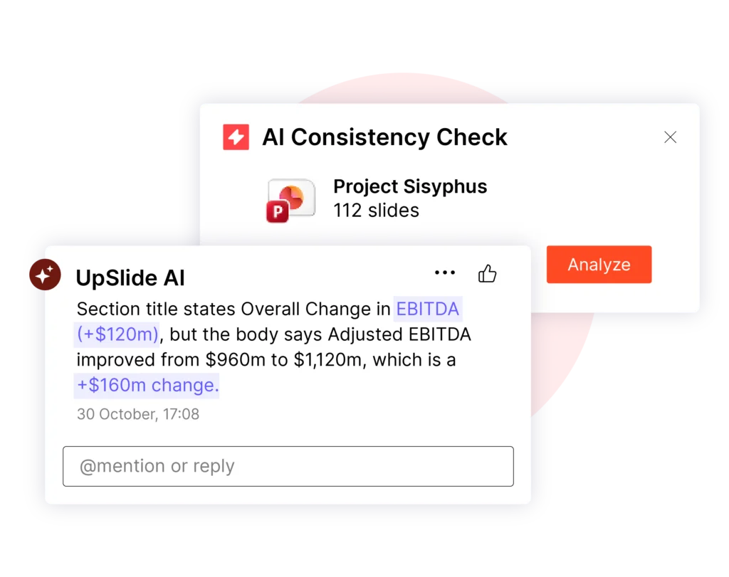 Consistency Check spécialement conçu pour les services financiers et comprend parfaitement les documents financiers complexes tels que due diligence , les mémorandums d'investissement et les rapports de fonds. Cela signifie qu'il détecte les erreurs qui comptent vraiment : les mesures récurrentes, les calculs et la cohérence narrative entre les diapositives.
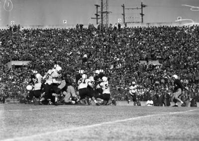 Tommy Fields, of Wichita Falls, starts a 23-yard touchdown run while mates bottle up the Austin defenders in the third period of the game at Dal-Hi Stadium. Cliff Taylor (No. 51), Billy Coulson (No. 22), and Everard Terrell (No. 10), are also pictured in this photo.
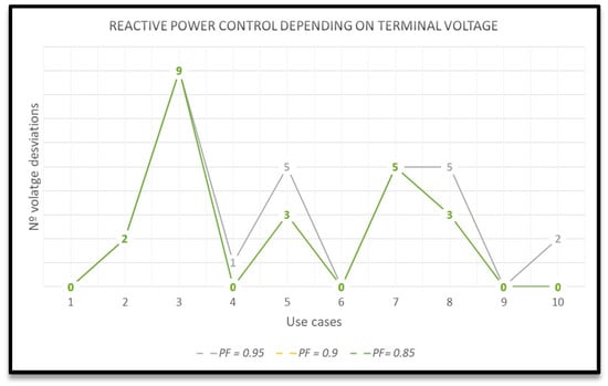 In Reference [23], a reactive power control is implemented in PV inverters managing reactive power according to voltage in the grid connection point. It also reduces the active power generation if the reactive power consumption does not produce the desired decrease in terminal voltage. Reference [24] proposes three reactive power controls in order to reduce overvoltage, two of them based on reactive power management depending on active power generated, Q(P) and the other to grid voltage, Q(U).
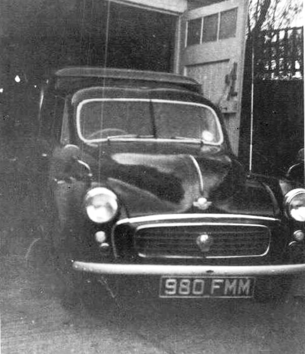 Her next car a Morris Minor 1000, WBD 314 with a hot engine but we never told her.
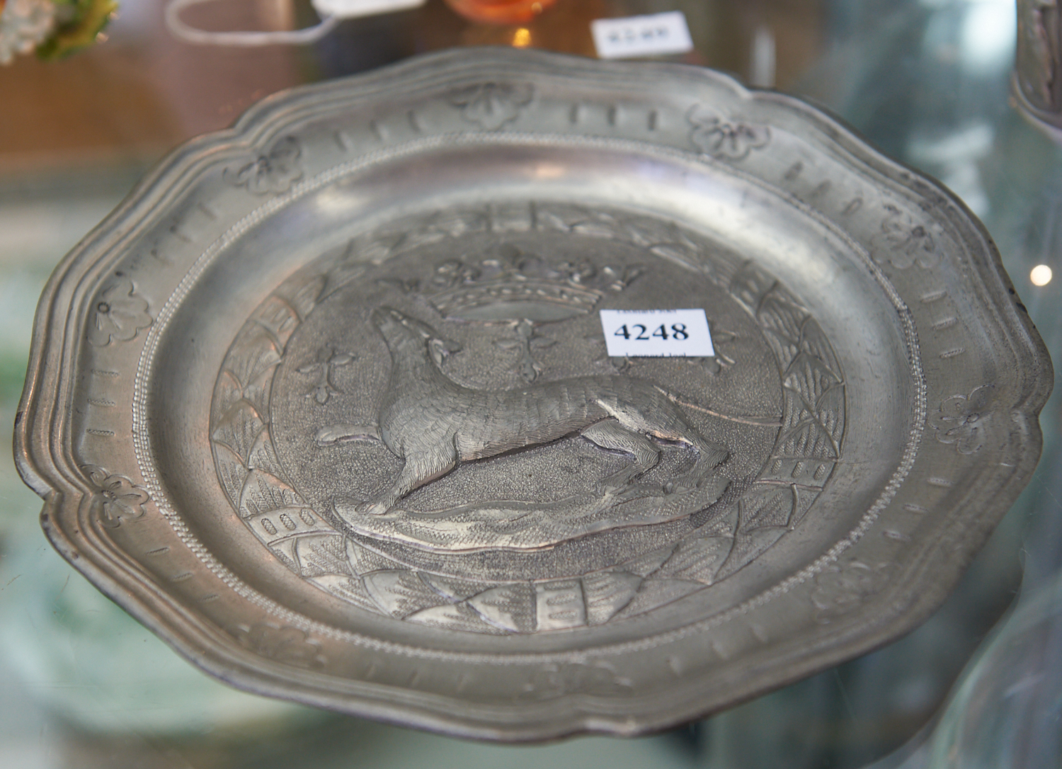 A PEWTER PLATE DIA.23CM, LEONARD JOEL LOCAL DELIVERY SIZE: SMALL
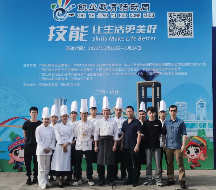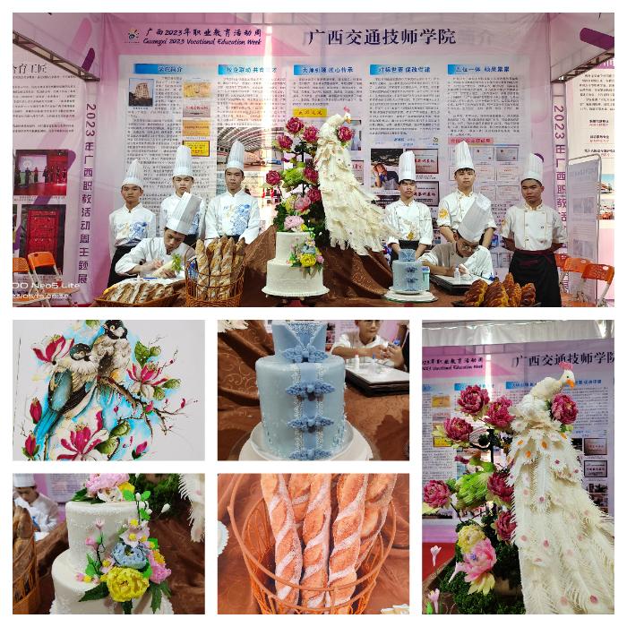 学院派出梁仕栋、罗惠光、欧志龙、韦怡仙、邵琼等五位老师和部分烹饪专业学生到梧州职业学院广西2023年职业教育活动周启动仪式现场,在主题展区广西交通技师学院展位进行交流与展示。本次活动中商务服务系的参展项目有:果蔬雕刻、果酱画装饰、面点欧包、蛋糕裱花、现场雕刻等。
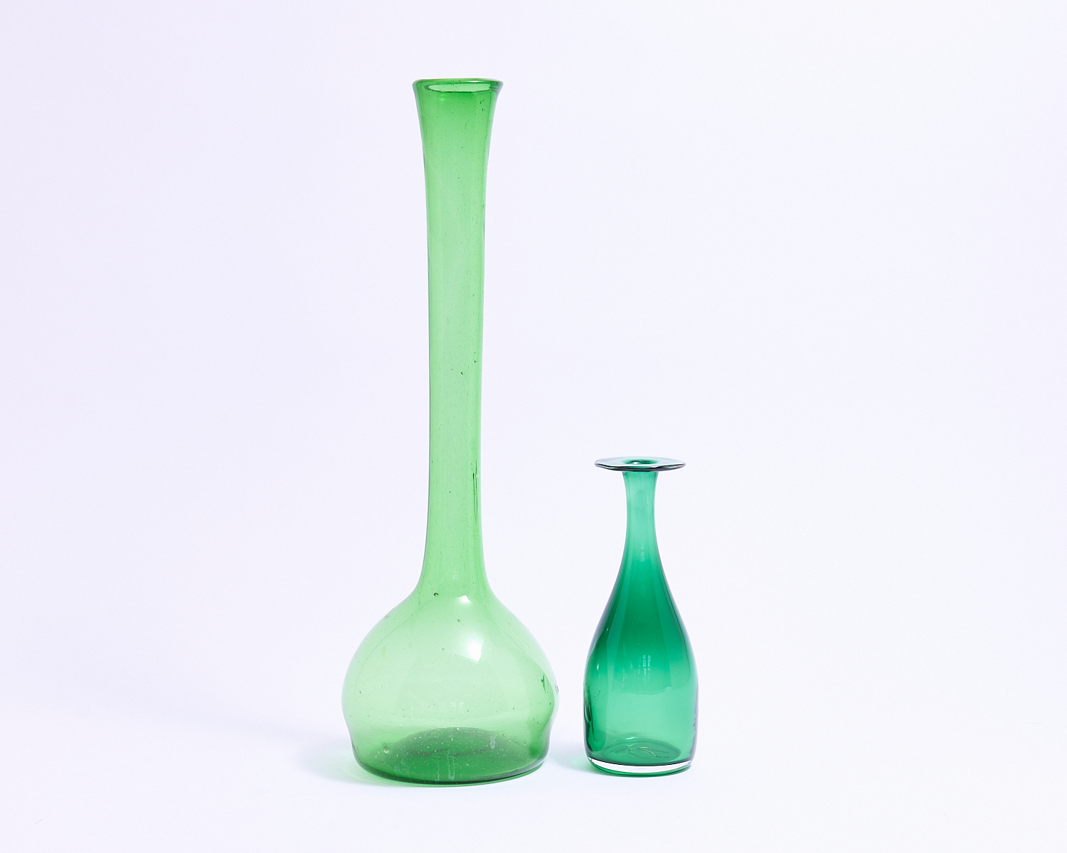 A PAIR OF HANDBLOWN GREEN GLASS VASES, ONE SIGNED H.45CM (TALLEST), LEONARD JOEL LOCAL DELIVERY: MEDIUM

(WORK INSTRUCTIONS): From the line containing "A PEWTER PLATE" down to the end of the data above, reproduce each line exactly; no pictures.

(REPLY):
 A PEWTER PLATE DIA.23CM, LEONARD JOEL LOCAL DELIVERY SIZE: SMALL
 学院派出梁仕栋、罗惠光、欧志龙、韦怡仙、邵琼等五位老师和部分烹饪专业学生到梧州职业学院广西2023年职业教育活动周启动仪式现场,在主题展区广西交通技师学院展位进行交流与展示。本次活动中商务服务系的参展项目有:果蔬雕刻、果酱画装饰、面点欧包、蛋糕裱花、现场雕刻等。
 A PAIR OF HANDBLOWN GREEN GLASS VASES, ONE SIGNED H.45CM (TALLEST), LEONARD JOEL LOCAL DELIVERY: MEDIUM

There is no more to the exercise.